◆ Dataset content

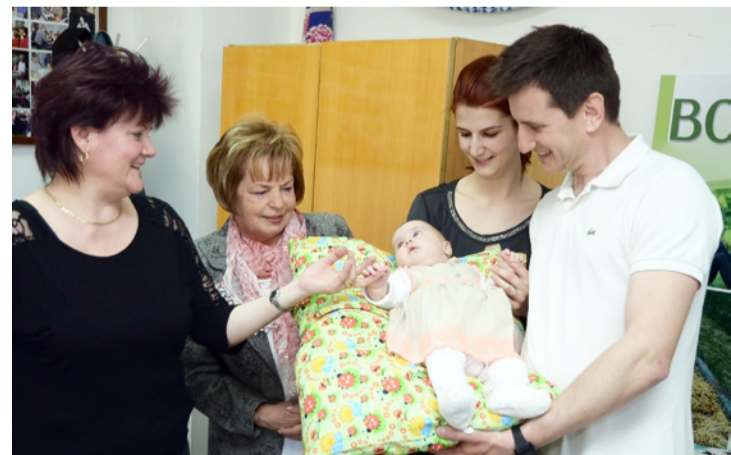
Janka jól érezte magát a puha pihepaplanon

A sudrin a térség önkormányzati képviselője, Gerencsér Hilda, köszöntőjében elmondta, hogy a tollfosztás után régén a tollból ágyneműt készítettek a fiatal lányoknak. Az ágynemű, miután férjhez mentek, egy új élet kezdetét könnyítette meg. A klubtagok által készített paplan is egy új élet kezdetét teszi
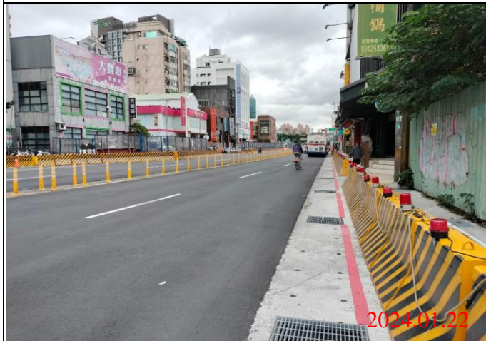
巡查日期地點：113.01.22/ Y21車站 照片說明：路面狀況
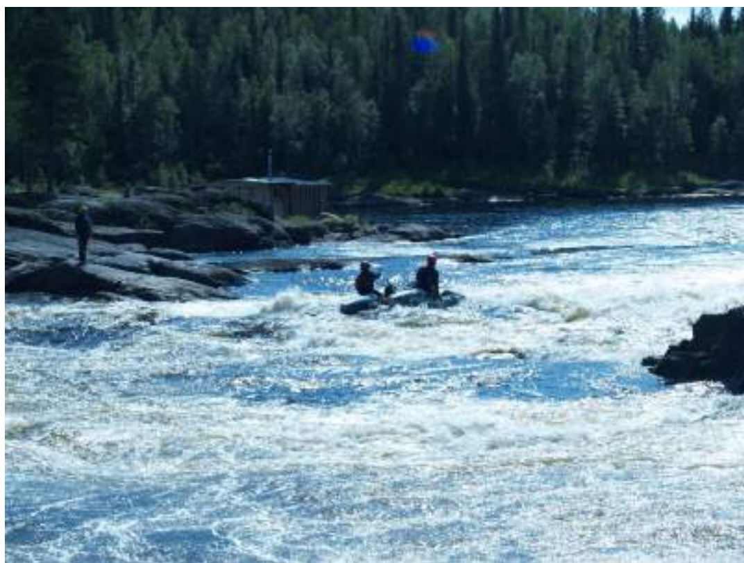
Фото 57. Прохождение порога Шляпа
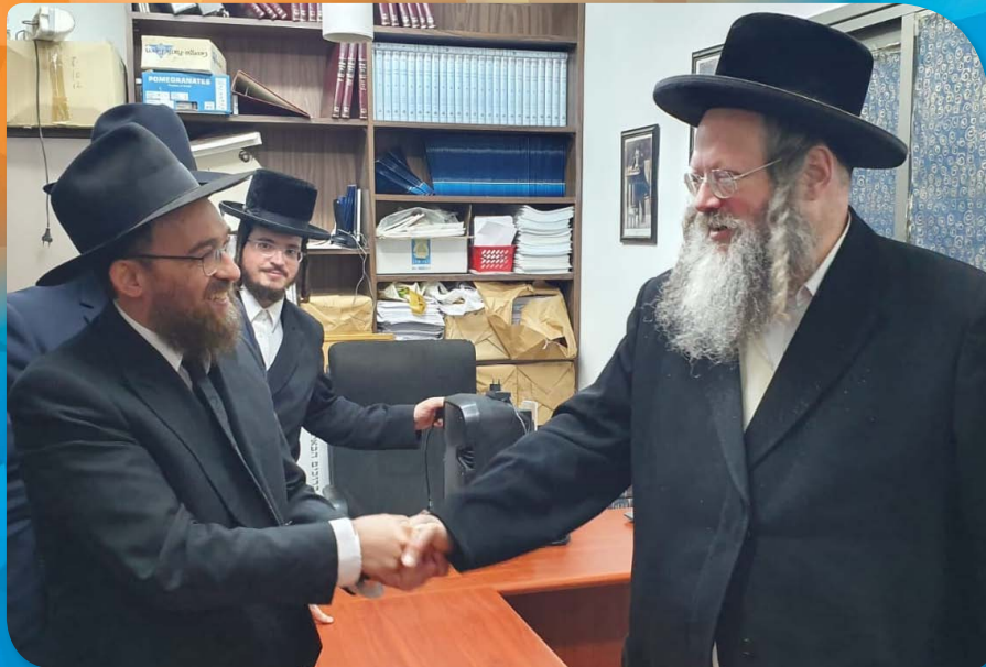
בפגישה עם הגאון הגדול הרב משה שאול קליין שליט"א
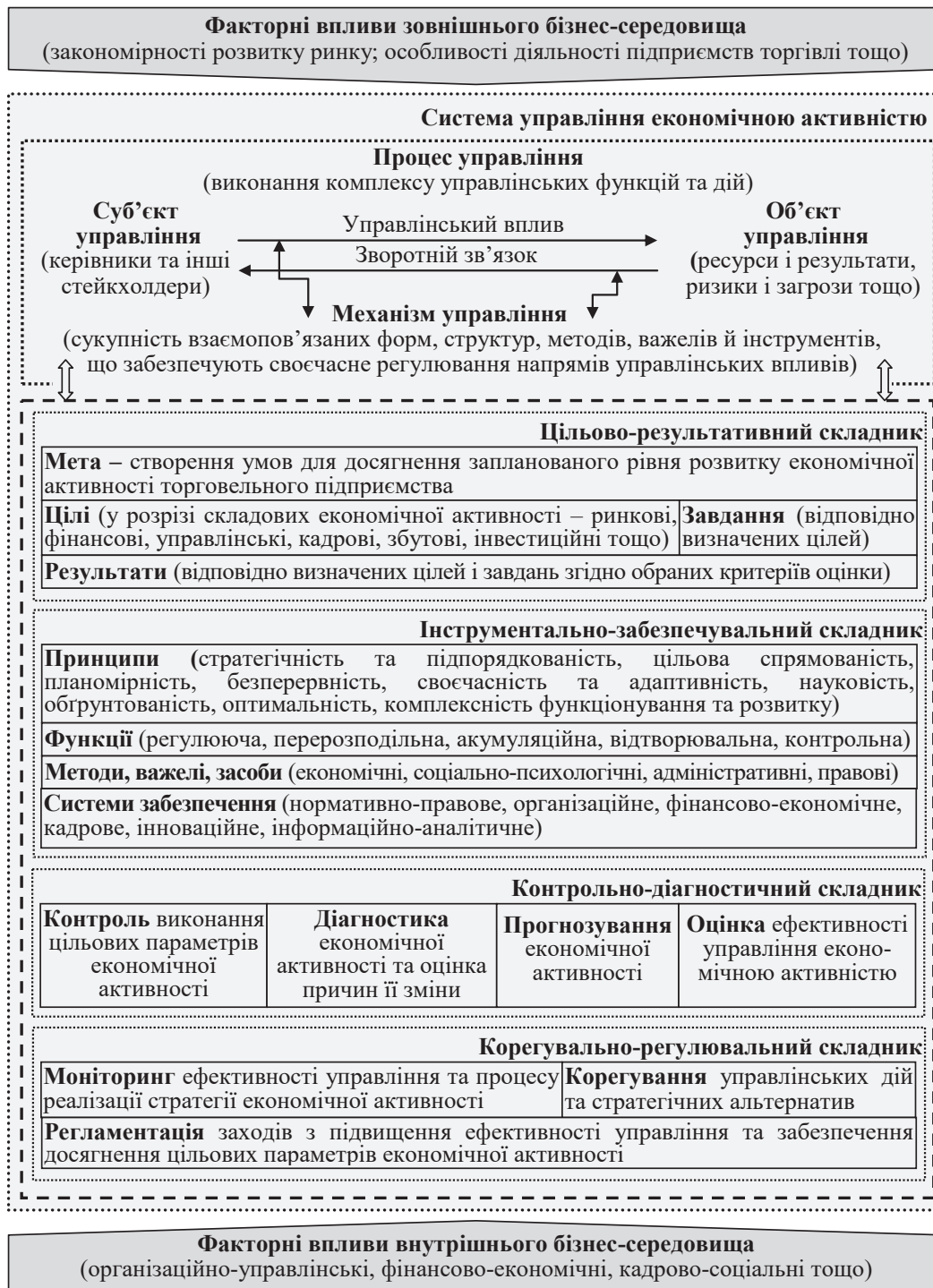
Рис. 2. Функціональна модель механізму управління економічною активністю підприємств торгівлі

Архітектуру розробленої функціональної моделі механізму управління економічною активністю підприємств торгівлі представлено чотирма складниками:
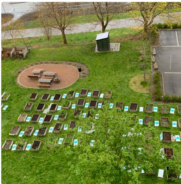
Den stadsnära odlingen har funnits i området i över 20 år. För närvarande finns 497 odlingsplatser.

Alla beslut och beställningar görs av huschefen i respektive område vilket innebär effektivitet i organisationen och korta beslutsvägar.
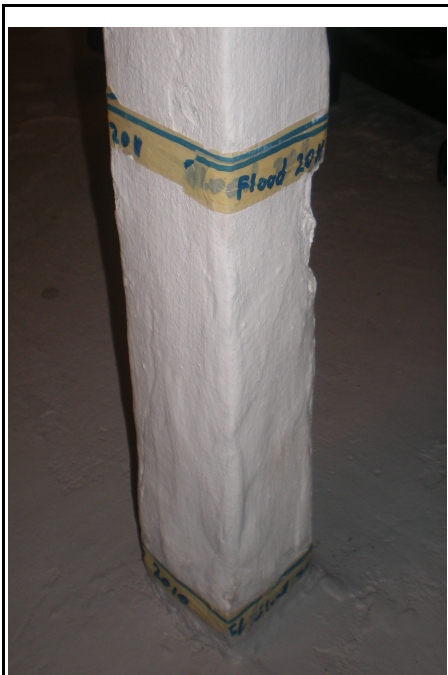
Søjlen hvor oversvømmelserne fra 2011 og 2010 er noteret med tape
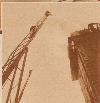
Die Feuerwehr an der Arbeit. Der Kampf gegen das Feuer konnte nur von außen her geführt werden, da das wie ein Kamin wirkende Turminnere in Flammen stand. Der sehr massive, steinerne Teil des Turmes blieb fast unbeschädigt, so daß mit einem Wiederaufbau des alten Bauwerkes gerechnet werden darf.

Am Vormittag des 22. September 1932 brach im Schwabentor, diesem wuchtigen Turm aus dem Mittelalter, Feuer aus. Eine im Dachstock wohnende Familie konnte im allerletzten Augenblick in Sicherheit gebracht werden. Der Turm brannte vollständig aus. – Der von den Flammen vernichtete Turmaufbau stammte aus dem 18. oder dem beginnenden 19. Jahrhundert. Das Schwabentor selbst jedoch stand schon im 14. Jahrhundert, im Jahre 1370 wird es zum erstenmal urkundlich genannt.
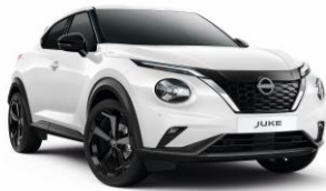
Fehér 326 - 70 000 Ft

◆ Problem to work on
State the number of lines in the data that include the string "Feuer", and add nothing else.

◆ Solution for this problem
2